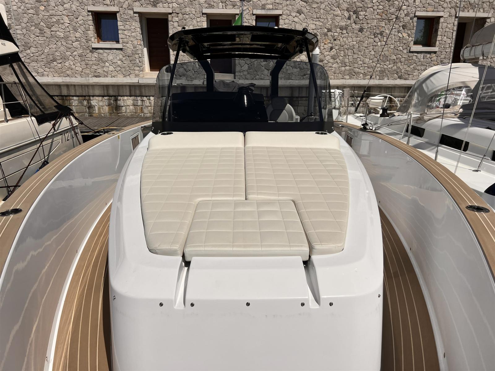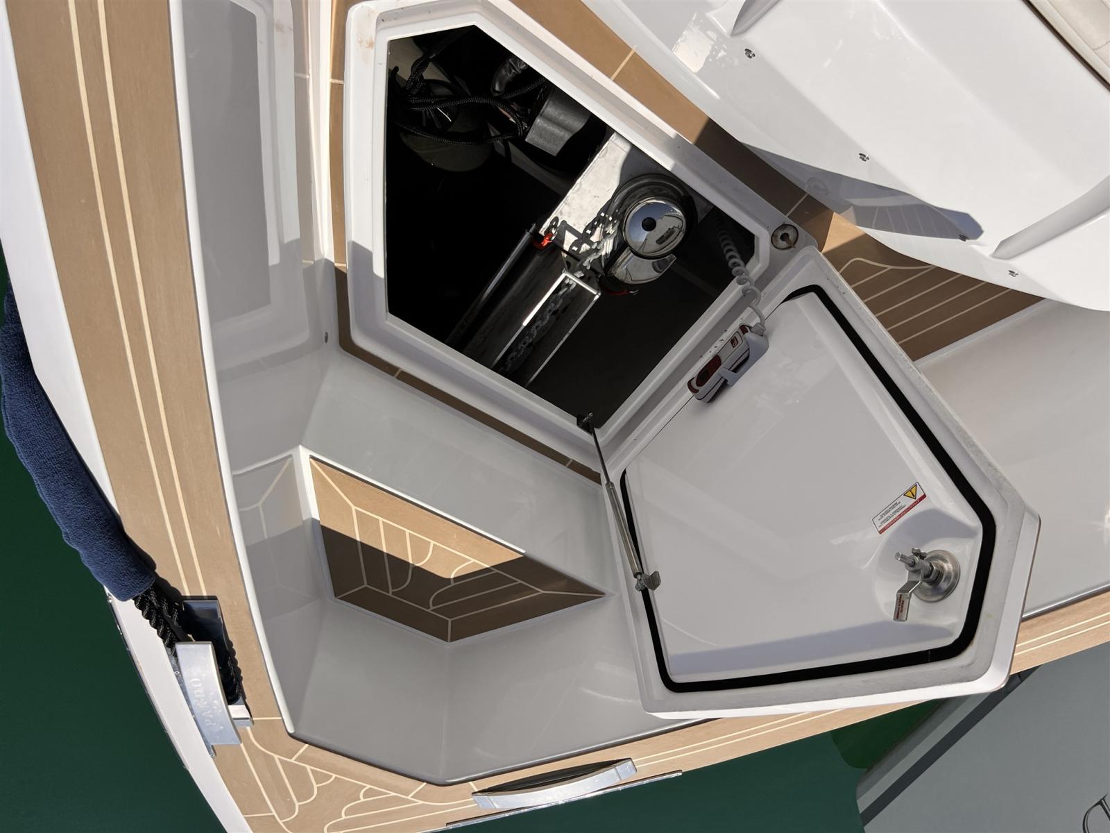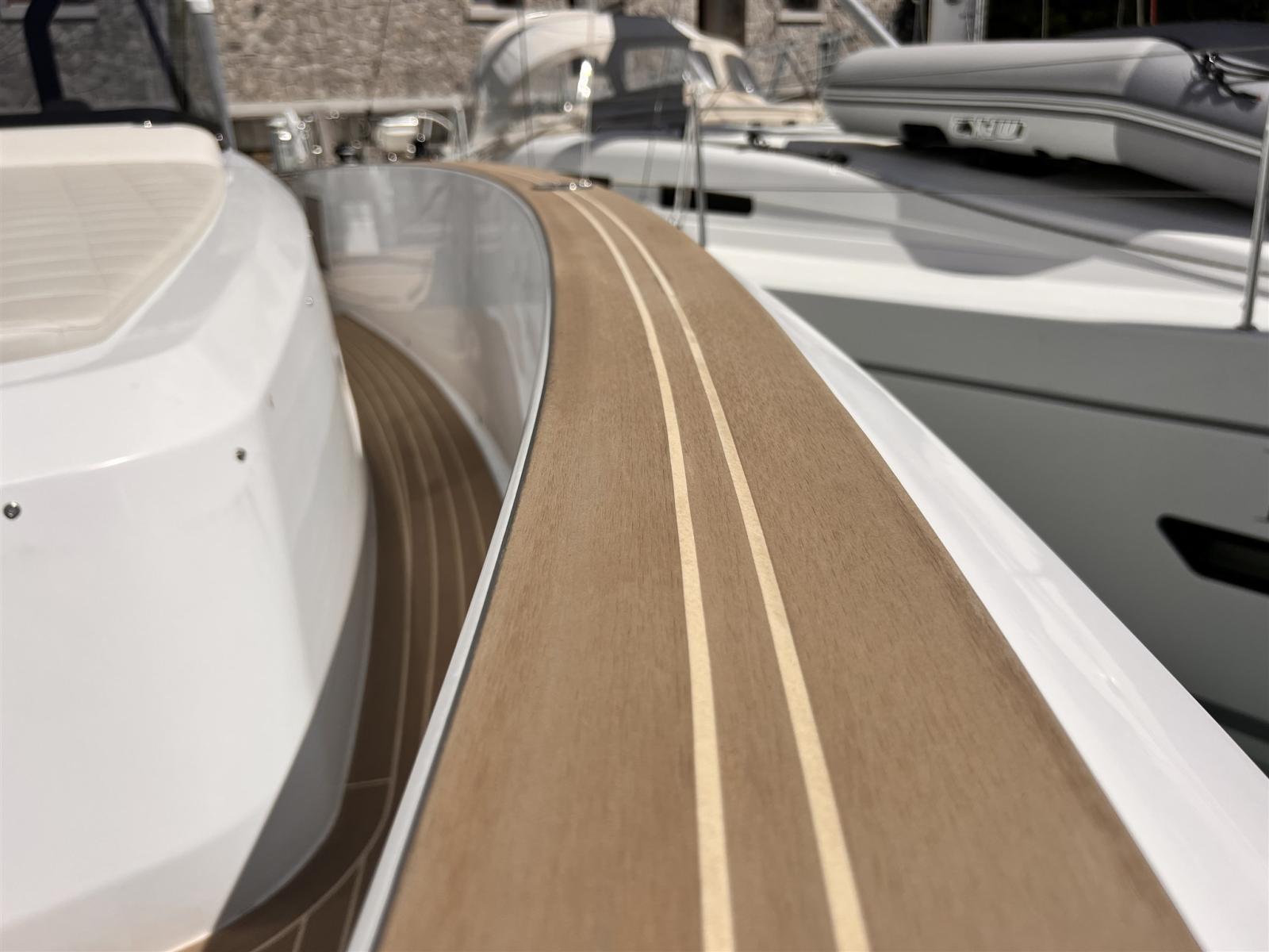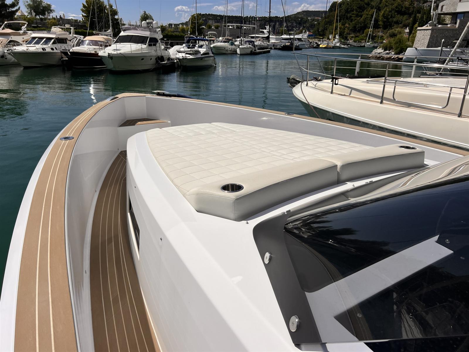 Allarme motore, Allarme sentina, Ancora (13KG, 50 M CHAIN 8MM), Auto Dynamic Trim Interceptor, Autoclave, 2 Batterie (2X90Ah), Camminamenti laterali in teak, Doccia esterna, Lavandino nel Pozzetto, Luci di cortesia, Piattaforma, Ponte in teak (Flexiteak), Pozzetto Teak (Flexitwak), Presa 220V banchina, Salpa Ancore Elettrico (Trefoil anchor electric system), Scaletta da bagno, Tavolo pozzetto.
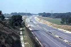 Lord Montagu of Beaulieu stressed the urgency of building a Kingston bypass in 1911, but public funds were not secured before the onset of World War I and were not available in the aftermath.[2] By the early 1920s, traffic in Kingston town centre had increased by over 160% in 10 years in the coaching town and the decision was taken in 1923 to revive the plans, with the contract worth £503,000 (equivalent to £36,200,000 in 2023).[3] Work started in 1924, and it was opened by the Prime Minister, Stanley Baldwin, on 28 October 1927. It ran for 8.5 miles (13.7 km) from the Robin Hood Gate of Richmond Park to the outskirts of Esher. The opening ceremony concluded with refreshments for 800 guests in marquees near to the northern start/end. Its construction immediately attracted developments of housing where access was easiest. The Restriction of Ribbon Development Act 1935 came too late to prevent this private housing, which is apparent where the A3 winds through Tolworth and New Malden, where the architecture includes concrete to art nouveau apartments[n 1], Mock-Tudor gabled houses and gabled Arts and Crafts movement-inspired houses. The final section of the Kingston bypass now forms part of the A309 thanks to the construction of the Esher bypass.
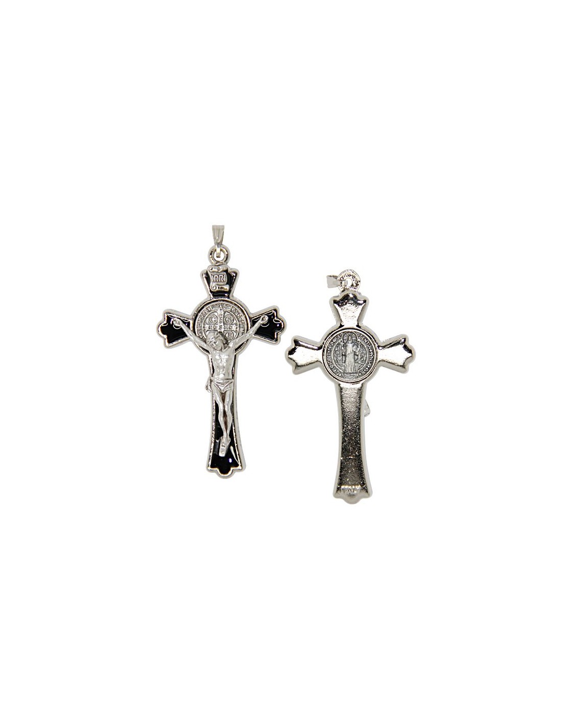 Croix de Saint Benoit argentée - émaillé noire
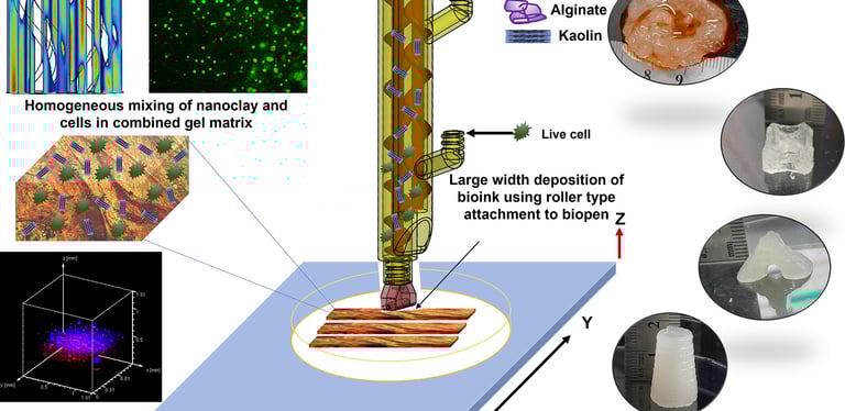 3D bioprinting of complex tissue scaffolds with in situ homogeneously mixed alginate-chitosan-kaolin bioink using advanced portable biopen, Bhattacharyya, HW Ham, Insup Noh, Carbohydrate Polymers , Vol 317, 2023, 121046, Pubmed- doi: 10.1016/j.carbpol.2023.121046.
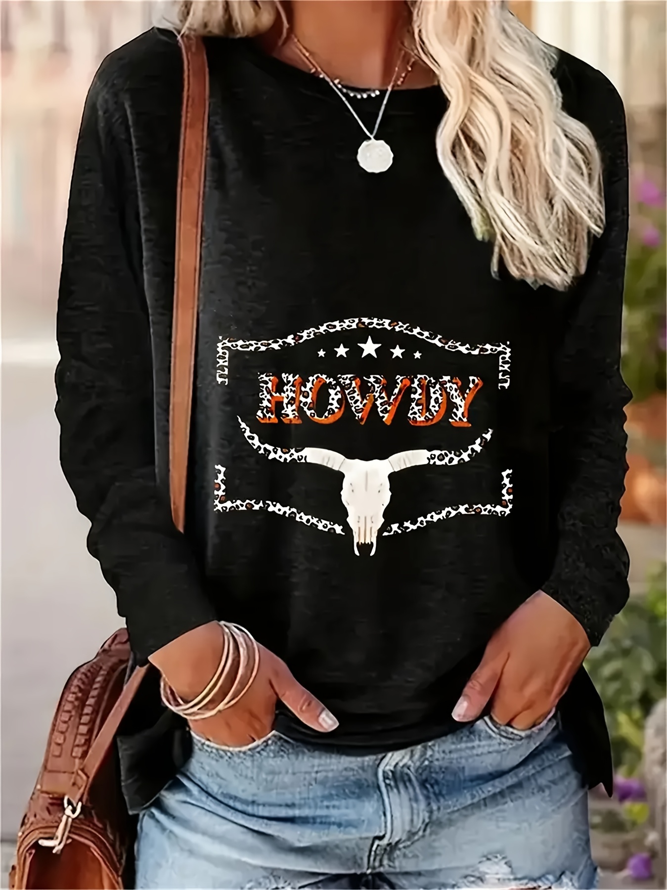 Women's Plus Size Casual Bull Head Print T-Shirt - Comfy Long Sleeve, Round Neck Top for Spring & Fall

•••

Instructions to follow →
All of the data above needs to be given again exactly. Leave out each image.

Worked solution →
 Allarme motore, Allarme sentina, Ancora (13KG, 50 M CHAIN 8MM), Auto Dynamic Trim Interceptor, Autoclave, 2 Batterie (2X90Ah), Camminamenti laterali in teak, Doccia esterna, Lavandino nel Pozzetto, Luci di cortesia, Piattaforma, Ponte in teak (Flexiteak), Pozzetto Teak (Flexitwak), Presa 220V banchina, Salpa Ancore Elettrico (Trefoil anchor electric system), Scaletta da bagno, Tavolo pozzetto.
 Lord Montagu of Beaulieu stressed the urgency of building a Kingston bypass in 1911, but public funds were not secured before the onset of World War I and were not available in the aftermath.[2] By the early 1920s, traffic in Kingston town centre had increased by over 160% in 10 years in the coaching town and the decision was taken in 1923 to revive the plans, with the contract worth £503,000 (equivalent to £36,200,000 in 2023).[3] Work started in 1924, and it was opened by the Prime Minister, Stanley Baldwin, on 28 October 1927. It ran for 8.5 miles (13.7 km) from the Robin Hood Gate of Richmond Park to the outskirts of Esher. The opening ceremony concluded with refreshments for 800 guests in marquees near to the northern start/end. Its construction immediately attracted developments of housing where access was easiest. The Restriction of Ribbon Development Act 1935 came too late to prevent this private housing, which is apparent where the A3 winds through Tolworth and New Malden, where the architecture includes concrete to art nouveau apartments[n 1], Mock-Tudor gabled houses and gabled Arts and Crafts movement-inspired houses. The final section of the Kingston bypass now forms part of the A309 thanks to the construction of the Esher bypass.
 Croix de Saint Benoit argentée - émaillé noire
 3D bioprinting of complex tissue scaffolds with in situ homogeneously mixed alginate-chitosan-kaolin bioink using advanced portable biopen, Bhattacharyya, HW Ham, Insup Noh, Carbohydrate Polymers , Vol 317, 2023, 121046, Pubmed- doi: 10.1016/j.carbpol.2023.121046.
 Women's Plus Size Casual Bull Head Print T-Shirt - Comfy Long Sleeve, Round Neck Top for Spring & Fall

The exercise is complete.